In addition, figure 1 shows that as *l* increases, the mean value of the growth rate decreases. This reflects the fact that if the breeding season is longer, voles will produce more litters and female young from the first one or two litters have time to mature and also are able to breed [30]. Turchin & Ostfeld [31] suggest 14 as a maximum value for the growth rate and our values are below this limit. However, this does mean our results are based on both breeding season length and mean value of the growth rate varying as we vary *l*, and we do not determine how each component affects the results separately.

### (b) Model analysis

We studied the model using two different methods—a bifurcation and a simulation approach, following the procedure in Taylor *et al*. [32]. The bifurcation results were calculated using essentially standard numerical continuation techniques implemented via the software Auto [33]. This method determines parameter ranges in which different multi-year cycles exist, and when they are stable. The simulation results were produced by solving the model equations (2.1) using Matlab (ode15s) for 2000 years and the solutions were tested to determine whether there existed a periodic solution of 1–9 years; if not, the solution was labelled as quasi-periodic, meaning that the solution was approximately periodic, but does not have a finite period. We also used fast Fourier transforms to determine the period most closely reflected in the solution (‘dominant period’); this was especially helpful when the cycle was quasi-periodic. We performed our simulations over a grid of points in parameter space, with 50 simulations at each point to illustrate the relative sizes of the basins of attraction of the different solutions. See electronic supplementary material for further details.

## 3. Results

Hanski *et al*. [6] and Turchin & Hanski [7] focused on the case where breeding season is exactly six months long (*l* = 1), and considered the effects of varying the extent of generalist predation (*g*). This revealed a change from annual to multi-annual cycles (period 3–4 years), as the level of generalist predation is reduced. We illustrate this in figure 2 which shows simulations for *l* = 1 and various values of *g*, for two sets of initial conditions. Note that for *g* = 0.5 3 year cycles occur for one set of initial conditions and annual cycles for the other. These results highlight the existence of multiple solutions, with strong sensitivity to initial conditions. Clearly bifurcation analysis and/or extensive simulation are necessary to reveal the full range of model predictions.
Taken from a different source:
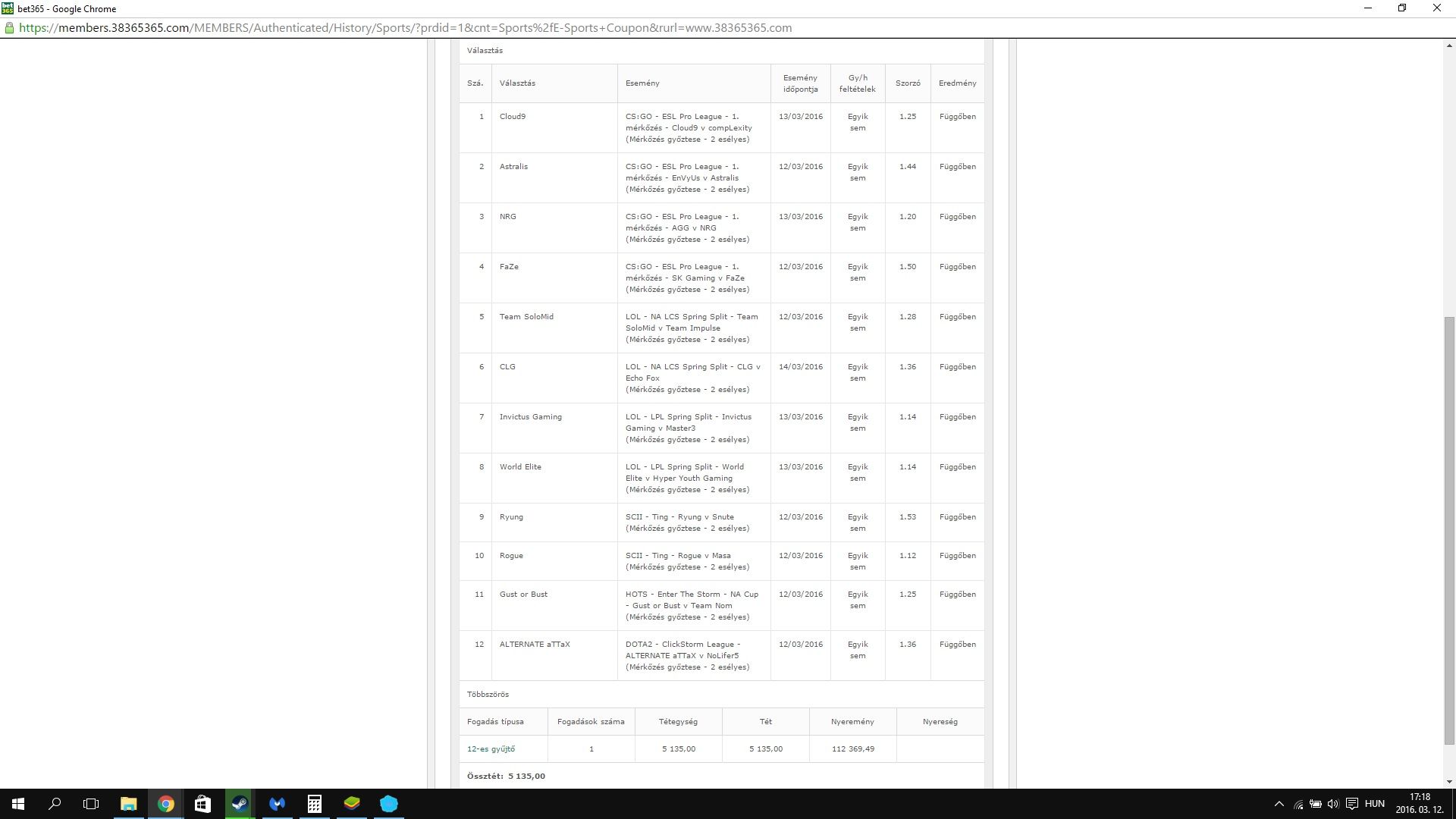 Sahtar Doneck v. Anderlecht 1.5gól felett. (nyert)Oké, hello 10.000,- Gondoltam visszahozom "legalább azt amit buktam, a következőket is megtettem 10.000,-el.

We used the bifurcation method to investigate potential dynamics as both season length *l* and generalist predation level *g* are varied (figure 3*a*). This divides the *l*–*g* parameter plane into different regions denoting the different possible dynamics. This shows that for moderate or high *l* and *g* values only annual cycles are possible, with multi-year and quasi-periodic solutions for lower *l* and *g*. Figure 3*a* therefore shows that when the breeding season is longer there is a larger range of generalist predation levels giving multi-year cycles. However, this figure does not show the period of the cycles as a function of parameters.

To examine the solutions in more detail, we show parameter regions giving both existence and stability for 2, 3, 4 and 5 year cycles (figure 4). For cycles with higher period (6–9 years) the results are similar to figure 4*d*, although the regions tend to get smaller with increasing period. The cycles exist inside the boundary curves, with stability/instability shown by the thick black/thin grey lines, respectively. The coloured curves represent different types of bifurcation: period-doubling bifurcation (blue), saddle–node (aka fold or tangent; red) and Neimark–Sacker (green); a Neimark–Sacker bifurcation is a discrete version of a Hopf bifurcation. (More detail and a full bifurcation diagram are provided in the electronic supplementary material.)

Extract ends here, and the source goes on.